### WORK ORDER
Every line below from the one with "اکثر دوستان در" through the one with "하지만 아래 그림처럼" should be retyped exactly, both ends included; no other lines and no pictures.

━━ DATA EXCERPTS

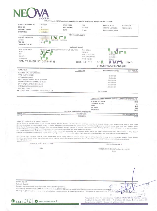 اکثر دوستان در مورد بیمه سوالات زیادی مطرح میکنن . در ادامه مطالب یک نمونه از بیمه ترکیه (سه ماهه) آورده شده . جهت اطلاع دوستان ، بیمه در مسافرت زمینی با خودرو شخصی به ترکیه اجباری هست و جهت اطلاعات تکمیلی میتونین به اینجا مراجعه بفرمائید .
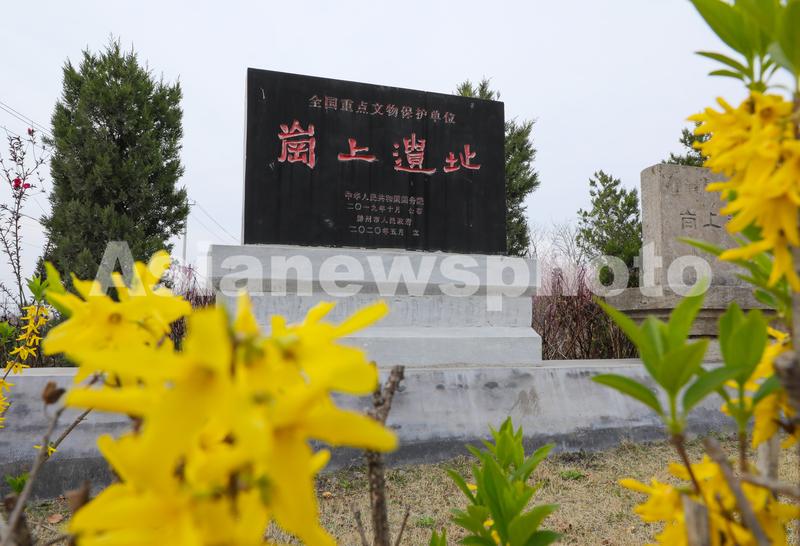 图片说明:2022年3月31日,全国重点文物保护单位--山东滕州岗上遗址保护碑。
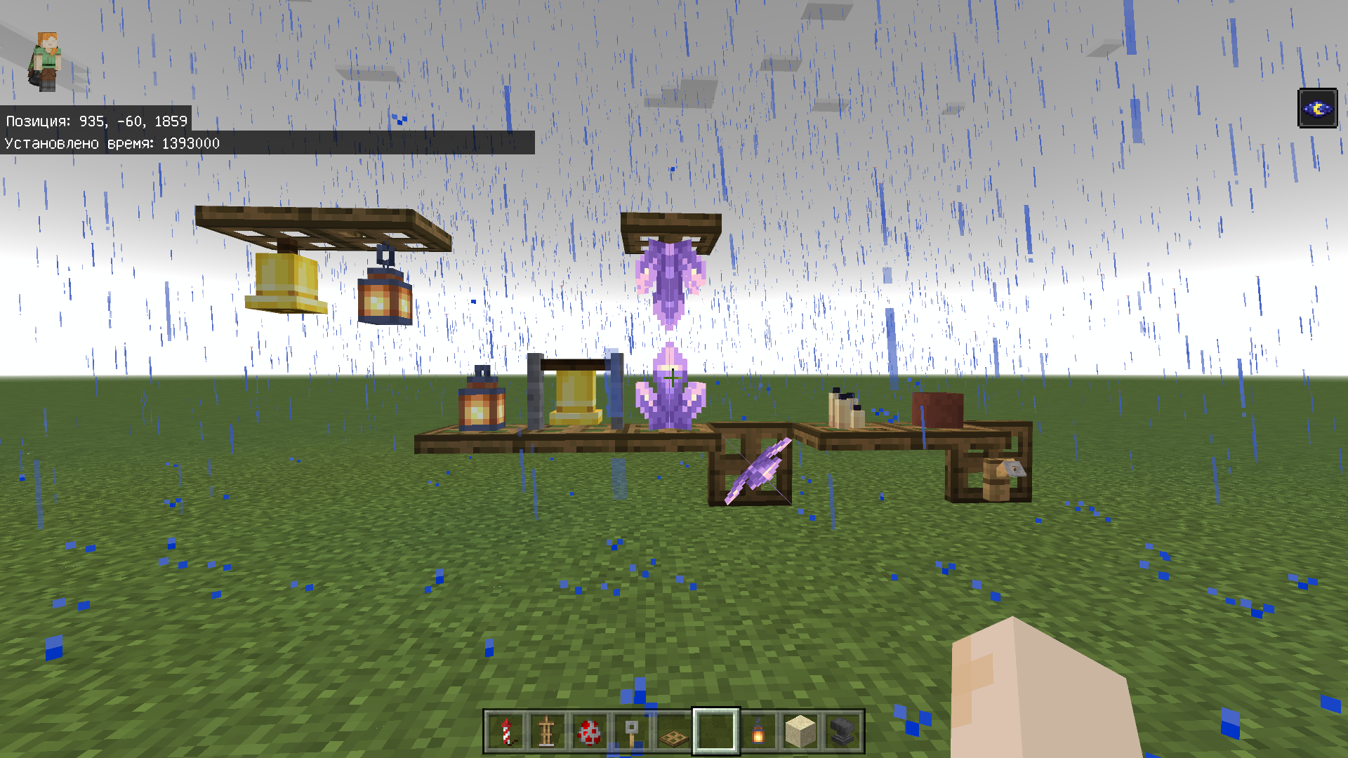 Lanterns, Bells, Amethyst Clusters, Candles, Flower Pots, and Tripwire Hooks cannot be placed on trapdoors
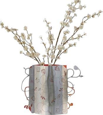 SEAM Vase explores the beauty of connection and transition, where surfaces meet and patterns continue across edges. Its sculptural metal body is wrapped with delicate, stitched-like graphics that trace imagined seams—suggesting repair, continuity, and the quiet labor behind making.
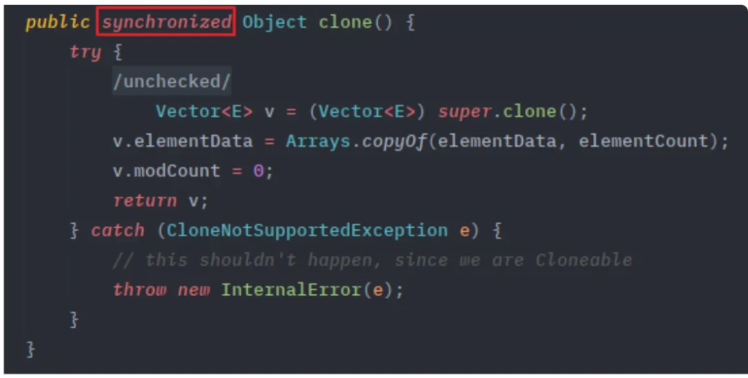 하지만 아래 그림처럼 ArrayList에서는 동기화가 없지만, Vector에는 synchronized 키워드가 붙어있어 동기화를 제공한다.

━━━━
━━ DATA EXCERPTS

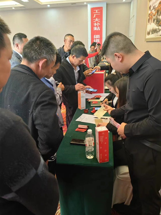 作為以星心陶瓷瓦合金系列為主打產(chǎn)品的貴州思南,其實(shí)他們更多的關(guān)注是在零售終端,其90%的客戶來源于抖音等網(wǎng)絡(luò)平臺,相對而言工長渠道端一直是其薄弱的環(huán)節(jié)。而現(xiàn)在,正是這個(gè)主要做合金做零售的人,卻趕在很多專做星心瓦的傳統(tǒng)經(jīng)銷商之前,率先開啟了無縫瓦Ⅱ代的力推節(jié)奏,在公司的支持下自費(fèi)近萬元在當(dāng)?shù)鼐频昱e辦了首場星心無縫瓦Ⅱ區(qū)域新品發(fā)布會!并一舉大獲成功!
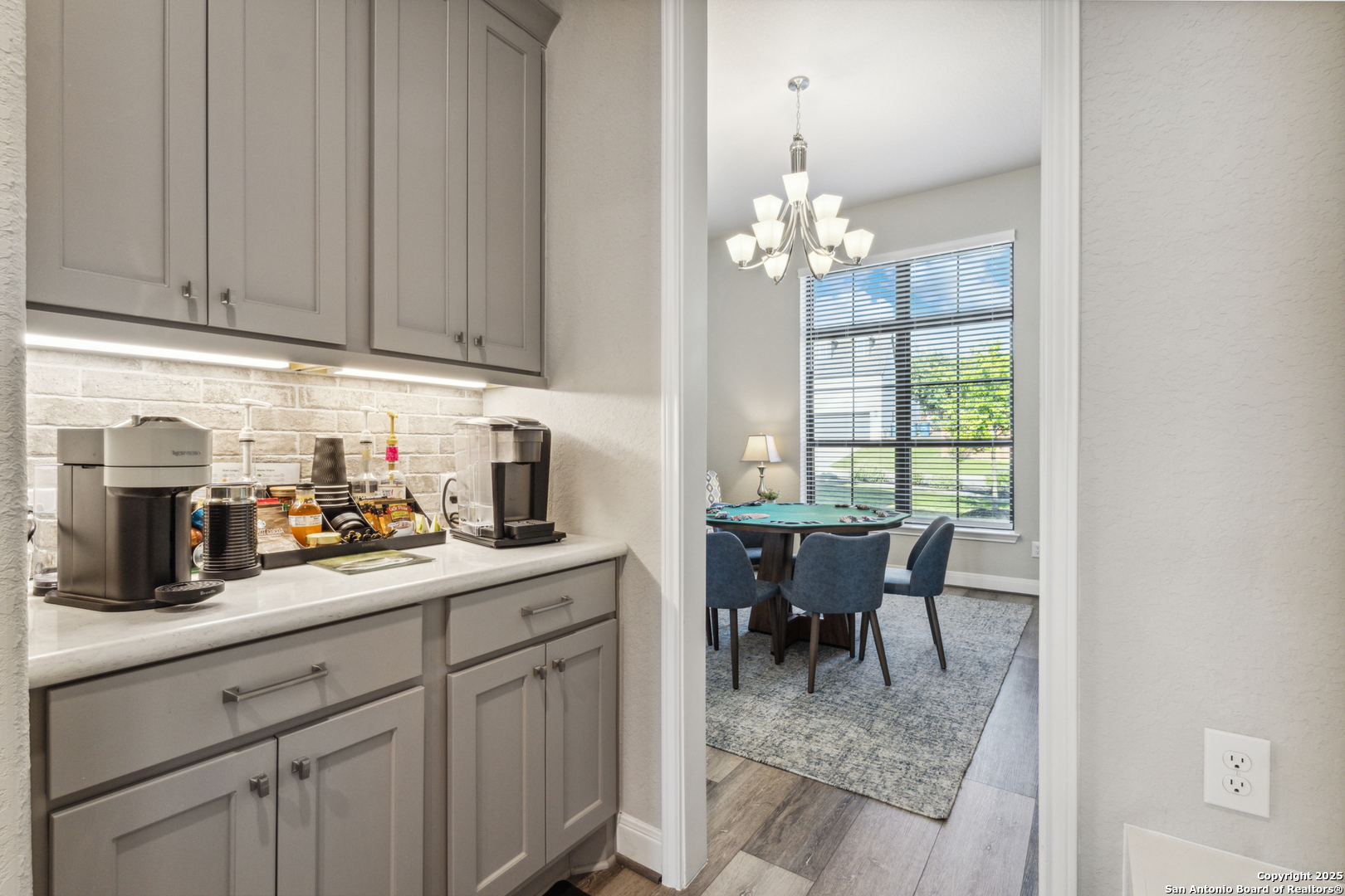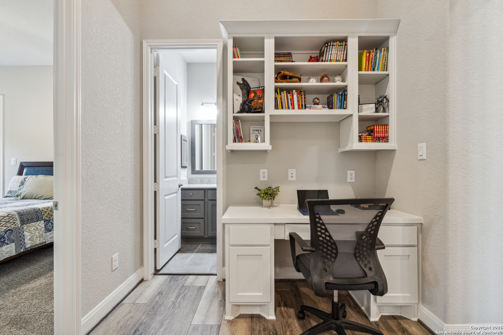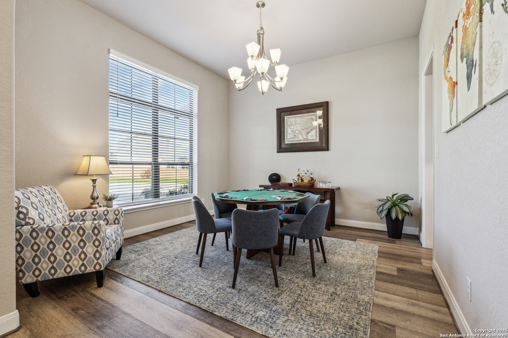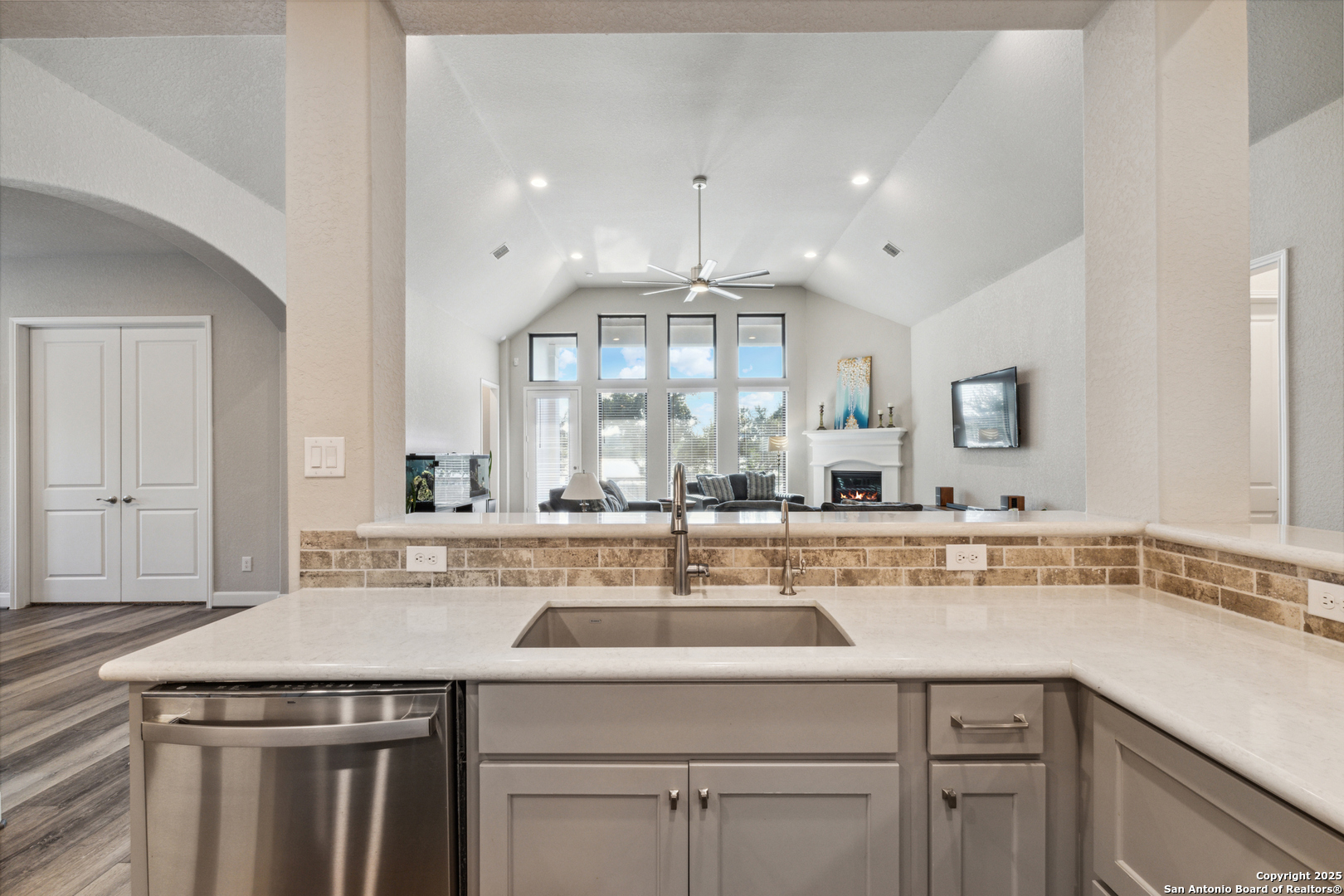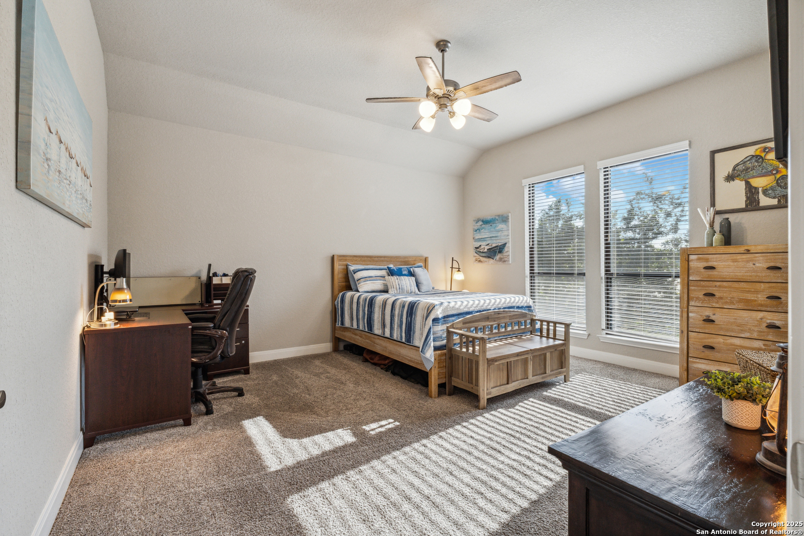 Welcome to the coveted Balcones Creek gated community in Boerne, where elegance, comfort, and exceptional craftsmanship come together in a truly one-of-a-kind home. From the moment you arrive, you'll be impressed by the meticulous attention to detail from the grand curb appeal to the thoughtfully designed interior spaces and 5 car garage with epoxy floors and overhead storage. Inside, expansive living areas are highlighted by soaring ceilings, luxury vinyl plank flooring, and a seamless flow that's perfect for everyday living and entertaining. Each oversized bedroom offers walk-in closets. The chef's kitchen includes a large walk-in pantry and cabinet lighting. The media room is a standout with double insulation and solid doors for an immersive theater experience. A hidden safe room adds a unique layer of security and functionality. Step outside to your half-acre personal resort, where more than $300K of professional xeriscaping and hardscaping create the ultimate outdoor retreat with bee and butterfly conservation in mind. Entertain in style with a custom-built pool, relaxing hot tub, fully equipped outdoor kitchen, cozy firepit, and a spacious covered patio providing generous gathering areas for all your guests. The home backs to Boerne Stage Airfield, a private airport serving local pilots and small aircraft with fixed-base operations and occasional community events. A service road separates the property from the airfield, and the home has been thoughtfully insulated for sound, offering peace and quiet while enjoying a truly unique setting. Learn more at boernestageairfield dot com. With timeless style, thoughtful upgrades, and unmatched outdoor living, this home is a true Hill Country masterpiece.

━━━━

### RESPONSE TO THIS EXERCISE
 اکثر دوستان در مورد بیمه سوالات زیادی مطرح میکنن . در ادامه مطالب یک نمونه از بیمه ترکیه (سه ماهه) آورده شده . جهت اطلاع دوستان ، بیمه در مسافرت زمینی با خودرو شخصی به ترکیه اجباری هست و جهت اطلاعات تکمیلی میتونین به اینجا مراجعه بفرمائید .
 图片说明:2022年3月31日,全国重点文物保护单位--山东滕州岗上遗址保护碑。
 Lanterns, Bells, Amethyst Clusters, Candles, Flower Pots, and Tripwire Hooks cannot be placed on trapdoors
 SEAM Vase explores the beauty of connection and transition, where surfaces meet and patterns continue across edges. Its sculptural metal body is wrapped with delicate, stitched-like graphics that trace imagined seams—suggesting repair, continuity, and the quiet labor behind making.
 하지만 아래 그림처럼 ArrayList에서는 동기화가 없지만, Vector에는 synchronized 키워드가 붙어있어 동기화를 제공한다.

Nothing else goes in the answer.